La réforme du collège conforme à… Vatican II ?
Pascal Balmand , secrétaire général de l’Enseignement catholique, a produit un document de 21 pages sur la réforme du collège. Je vous passe les détails du texte ( vous pouvez le lire en ligne ici ) mais la conclusion vaut son pesant de cacahuètes :
Il est impossible de conclure ces pages puisque nous en sommes uniquement à la phase des repérages, de la mise en projet pour dépasser les obstacles que nous rencontrons. Nos établissements et nos équipes travaillent à l’organisation nouvelle du collège et à l’approche renouvelée des programmes. Nous tâtonnons, nous élaborons des parcours, des démarches, des dispositifs à expérimenter… Ceci nous conduit à ne plus voir la réforme comme une contrainte. Elle nous invite à sortir des cadres contraignants et oblige à mobiliser la créativité par l’autonomie des établissements et la sollicitation de la responsabilité professionnelle des enseignants. La réforme nous rend donc acteurs et chercheurs. Ce qui n’est pas toujours sécurisant mais c’est aussi ça l’autonomie, la liberté… Se confronter aux cadres, aux contraintes pour créer ce qui n’est pas encore pour accompagner aux mieux nos équipes, les enfants et les jeunes dont nous avons la responsabilité. Cette démarche s’inscrit bien dans la dynamique qui anime l’Enseignement catholique dans son projet fondateur, comme dans la proposition de Réenchanter l’École aujourd’hui… En effet, la réforme du collège se veut avant tout une réforme globale et pédagogique. Des enjeux et des axes s’en dégagent afin d’aider les équipes enseignantes à réfléchir et à entrer dans une dynamique des possibles.
Les enjeux
- l’exigence pour tous
- l’adaptation pour chacun
- de la créativité et des initiatives
- de la souplesse
- la mise en œuvre de nouvelles pratiques pédagogiques
- une pédagogie différenciée concertée
- la valorisation du savoir-faire des enseignants
- de nouvelles organisations temporelles : semestrialisation possible de certains enseignements, quotas horaires différents… […] Nous œuvrons pour que le collège permette aux jeunes que nous rejoignons de Réenchanter leur scolarité pour faire advenir le droit à l’éducation comme le définissent les trois premiers articles du Statut de l’Enseignement Catholique en France
– 1er juin 2013 :
Art. 1 La dignité de la personne humaine fonde pour tous les hommes un droit à l’éducation.

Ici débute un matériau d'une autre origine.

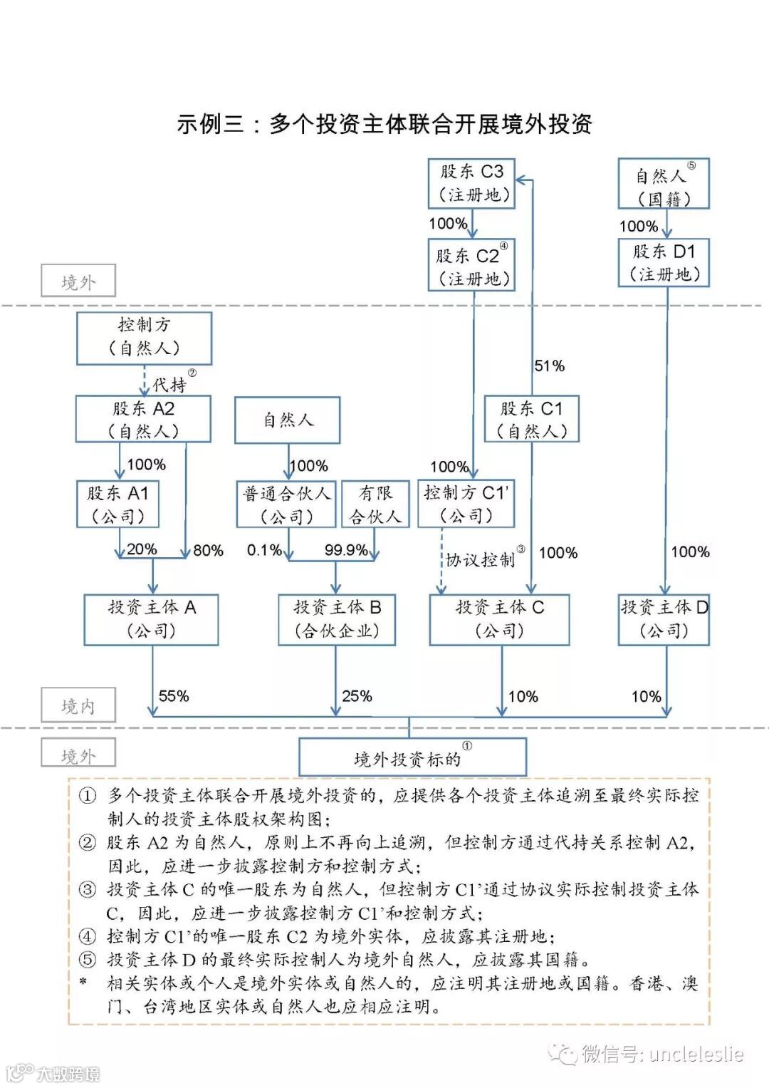 这个必须要上NDRC的图了,党和政府对于海外投资最终实控人也是很好奇啊!尤其需要注意的是:大额非敏感类境外投资项目情况报告表中,对于境内企业控制的海外企业直接投资,境内自然人通过其控制的境外企业或香港、澳门、台湾地区企业对境外开展投资的,均需提交此表。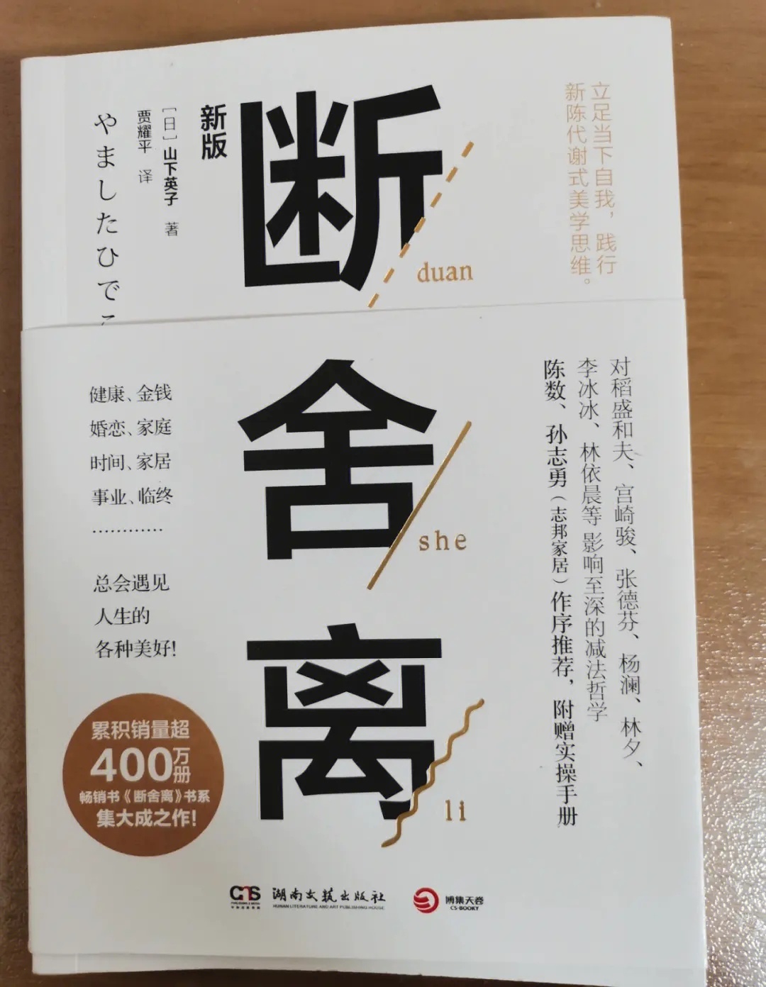 《断舍离》是一本值得阅读的书籍,断,断绝不需要的东西;舍,舍去多余的废物;离,脱离对物品的执念。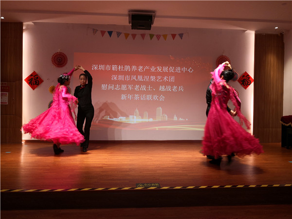 紀(jì)念活動(dòng)伊始,深圳市社會(huì)組織管理局副局長白凌在出差途中發(fā)來視頻祝賀。簕杜鵑養(yǎng)老產(chǎn)業(yè)促進(jìn)中心上級(jí)領(lǐng)導(dǎo)張道新也一直關(guān)注和支持活動(dòng)的進(jìn)展?;顒?dòng)現(xiàn)場,簕杜鵑養(yǎng)老產(chǎn)業(yè)促進(jìn)發(fā)展中心黨支部書記于軍發(fā)表了熱情的簡短的講話。他首先對(duì)前來參加和指導(dǎo)活動(dòng)的老首長、老前輩和各位嘉賓表示衷心的感謝。隨后,他簡短地介紹了簕杜鵑養(yǎng)老中心的發(fā)展情況。他說,該養(yǎng)老中心是按照習(xí)總書記“推動(dòng)養(yǎng)老事業(yè)多元化、多樣化發(fā)展”的指示下成立的,得到社會(huì)管理局的支持和指導(dǎo),將會(huì)在深港兩地開展養(yǎng)老信息咨詢、養(yǎng)老機(jī)構(gòu)服務(wù)等。目前,成立了簕杜鵑養(yǎng)老產(chǎn)業(yè)發(fā)展中心黨支部、簕杜鵑養(yǎng)老產(chǎn)業(yè)藝術(shù)團(tuán),并將爭做黨建、文化建設(shè)的“雙排頭兵”作為該社團(tuán)的目標(biāo)之一。今年,已開展獻(xiàn)愛心走訪慰問,重陽節(jié)為羅湖區(qū)鶴年居家養(yǎng)老中心的老人送去4臺(tái)多功能輪椅、100支手杖、14400個(gè)口罩等實(shí)用物品;協(xié)調(diào)部分社康中心、醫(yī)院和相關(guān)基金會(huì)共同舉辦大型的老年人義診活動(dòng);同時(shí)與市內(nèi)多家大健康企業(yè)進(jìn)行溝通,建立長期聯(lián)合互助渠道,籌建示范養(yǎng)老基地,探索深圳特色的養(yǎng)老模式,打造養(yǎng)服務(wù)品牌,造福深港兩地老人群體。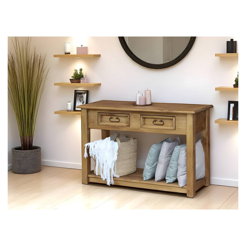 Kolekce MEXICANA nabízí kvalitní celomasivní nábytek, který je vyroben z 100% masivního dřeva, pouze dna šuplíků a záda skříní tvoří dřevěná dýha. Stylovou podobu tomuto nábytku dodávají retro úchyty a stejně tak i závěsy skříní a komod, které jsou účelově zrezivělé či zkorodované, což vyvolává dojem romantického venkova.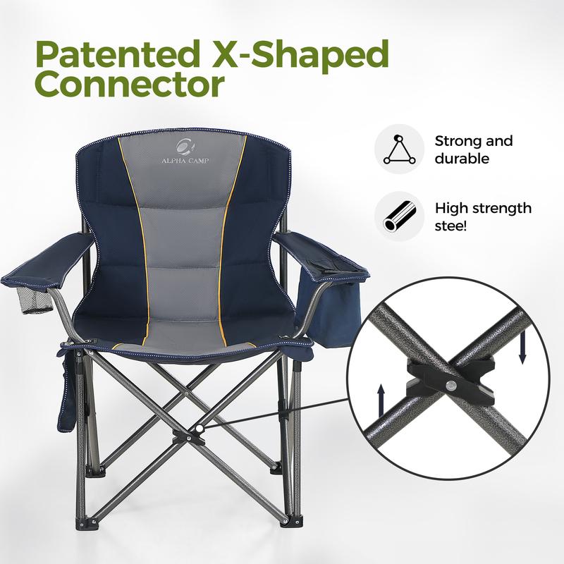 ·【Large Size】 Oversized Camping Folding Chair Size is 25.20" L x 36.61" W x 39.37"H, Weight is 13.2lbs, Large seat area with 600x 300D padded oxford fabric and padded armrest ensure comfort of this chair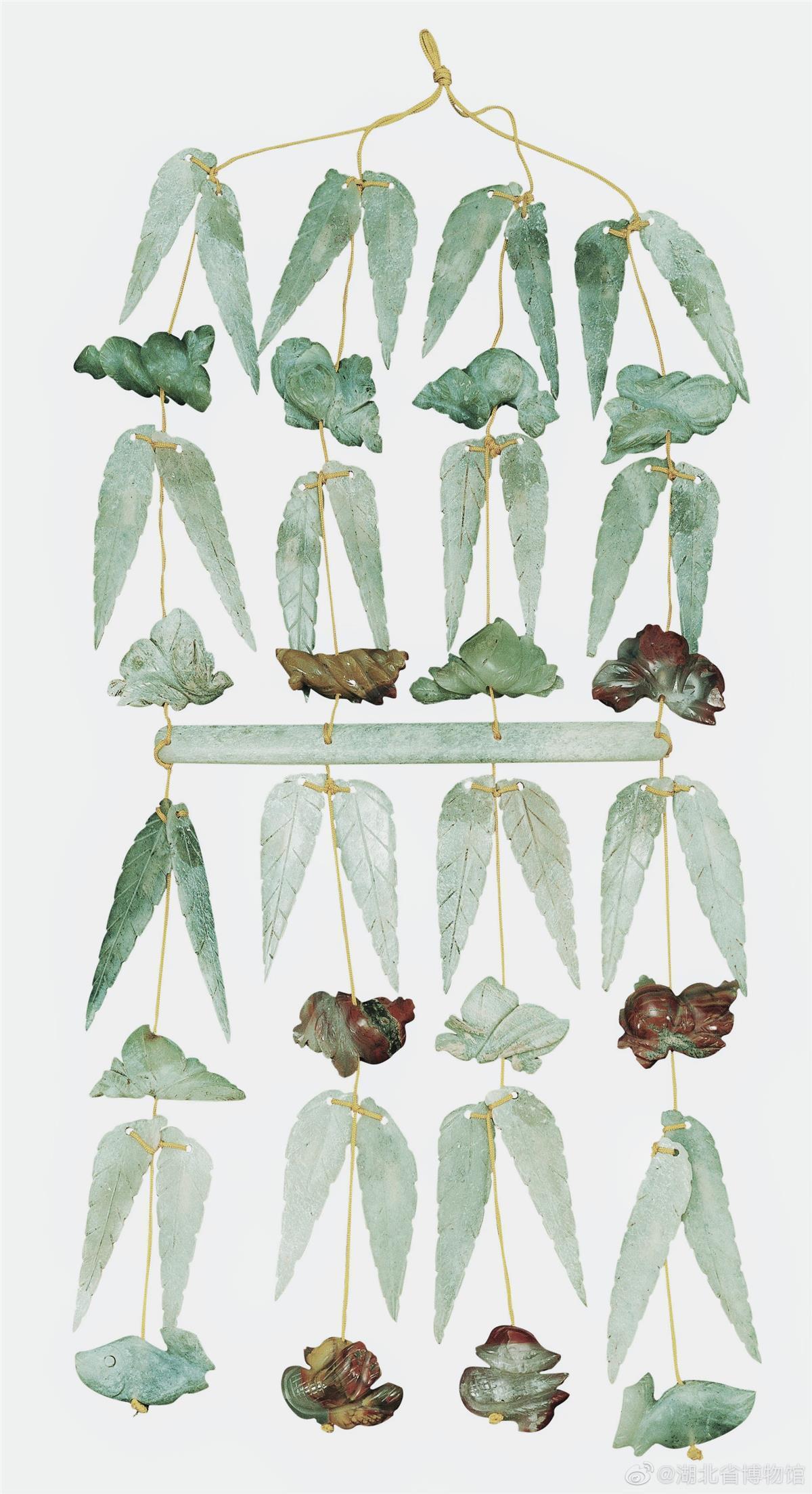 湖北省博物馆讲解员谌夏告诉极目新闻记者,禁步为婚配喜庆之物,它和步摇一样,都是用于约束女子的行为举止和规范仪态,“这副玉禁步由32片玉叶和16件串饰及1件玉珩共49件玉饰组成,推测可能是皇帝为梁庄王纳继妃而特赐的礼物。”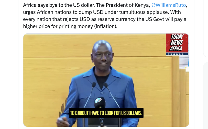 Just In: President of Kenya, @WilliamsRuto, Urges African Nations to Dump the US Dollar for Intracontinental Trade. WATCH pic.twitter.com/mHE8Bshquv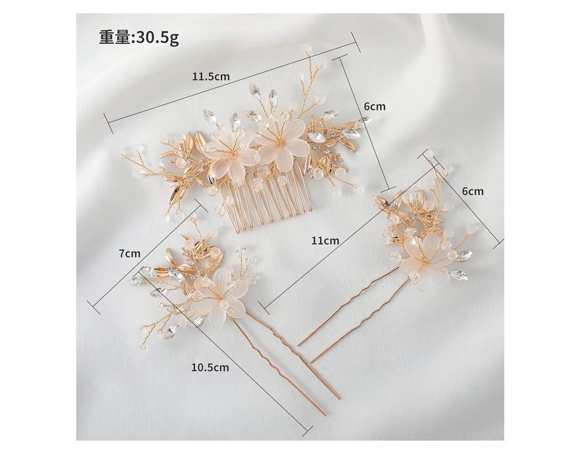 髪飾り ヘッドドレス コーム Uピン 3点セット 花嫁 ヘアアクセサリー 手作り ウェディングヘッドドレス 結婚式 披露宴 二次会 発表会 卒業式 入学式 パーティー 和装用髪飾り ヘアアクセサリー(タイプ1)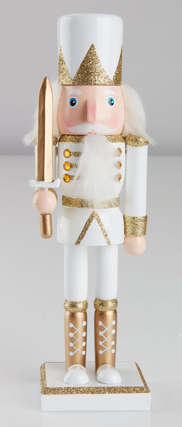 Der Nussknacker ist wohl in jedem festlich geschmückten Zuhause ein absolutes Muss. EUKLAS, DISER und VALI bringen diesen Weihnachtsdeko-Klassiker auch zu dir. Die Holzfiguren sind in verschiedenen Farben und Designs verfügbar, sodass für jeden Geschmack etwas dabei ist. Du magst es lieber schlicht und zurückhaltend? Dann ist EUKLAS in schwarz, grün und weiß der Nussknacker deiner Wahl. Die Figur ist 38 cm hoch und hat einen Durchmesser von 9 cm. DISER präsentiert sich traditionell in blau und rot und ist 50 cm groß. VALI setzt mit weiß und gold Akzente und ist 25 cm groß. Alle Figuren bestehen aus FSC-zertifiziertem und somit nachhaltigem Holz. (EUKLAS 11,50 € I DISER 20,00 € I VALI 8,00 €)
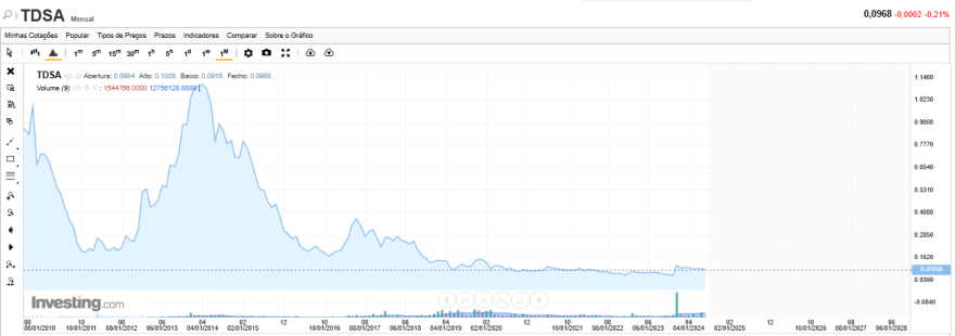 Sinceramente não consigo perceber como atacam quem aqui vem ver o que está à vista de todos, podemos ter o nosso dinheiro em jogo, mas o bom senso tem que prevalecer. Falaram aqui em tanta, mas tanta coisa, chegou a ser falado 1€ por ação, vejam onde ela está, vejam o que mostra o gráfico dos últimos largos anos. Sorte a de quem vendeu "isto" acima dos 0.30, no dia 30 de setembro.

Art. 2 L’éducation se conforme à la vocation personnelle et sociale des hommes en leur permettant de grandir dans l’amour et la vérité et, ainsi, d’accéder à « une vie pleine et libre, une vie digne de l’homme » [Concile Vatican II, Constitution pastorale sur l’Église dans le monde de ce temps – Gaudium et Spes, n° 9 § 3.].
Art. 3 « Une éducation authentique a pour finalité la formation de la personne humaine ordonnée à sa fin suprême, en même temps qu’au bien des communautés dont l’homme est membre .» [Concile Vatican II, Déclaration sur l’éducation chrétienne – Gravissimum Educationis, n° 1] L’éducation appelle donc à servir la croissance de l’homme et la construction de la société.
Ces références au Concile Vatican II constituent une incroyable synthèse subliminale qui se résume ainsi, tel un parfait double syllogisme :
- Madame Belkacem propose une réforme du collège,
- Cette réforme permet de réenchanter l’Ecole catholique,
- Le réenchantement permettra de faire advenir le droit à l’éducation prôné par Vatican II,
- Madame Belkacem est donc en ligne avec Vatican II.